Work item:
In the records below, count every line that contains the word "UBND" and report only the total.

Provided records:
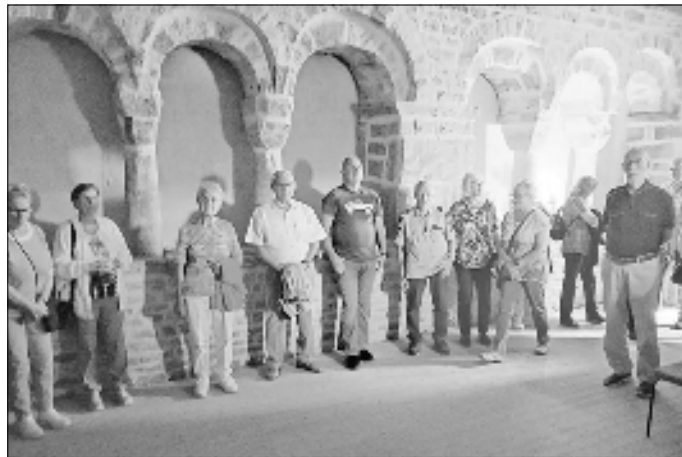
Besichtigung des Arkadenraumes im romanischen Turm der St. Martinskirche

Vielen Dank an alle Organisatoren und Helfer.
--
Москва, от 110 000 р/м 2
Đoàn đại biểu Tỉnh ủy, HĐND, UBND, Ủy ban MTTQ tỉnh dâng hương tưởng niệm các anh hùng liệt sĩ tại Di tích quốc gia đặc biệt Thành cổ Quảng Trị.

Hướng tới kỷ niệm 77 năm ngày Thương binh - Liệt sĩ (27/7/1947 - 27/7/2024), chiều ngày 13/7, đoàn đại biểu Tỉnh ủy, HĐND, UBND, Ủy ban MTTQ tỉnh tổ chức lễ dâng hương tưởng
...
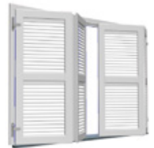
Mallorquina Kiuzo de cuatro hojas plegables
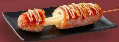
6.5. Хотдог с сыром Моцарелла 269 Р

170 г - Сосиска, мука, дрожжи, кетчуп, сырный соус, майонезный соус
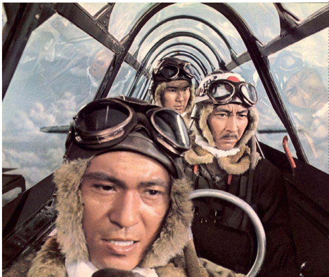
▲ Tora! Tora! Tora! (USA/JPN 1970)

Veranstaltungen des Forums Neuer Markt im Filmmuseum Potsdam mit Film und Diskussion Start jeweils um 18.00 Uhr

Answer to the problem:
2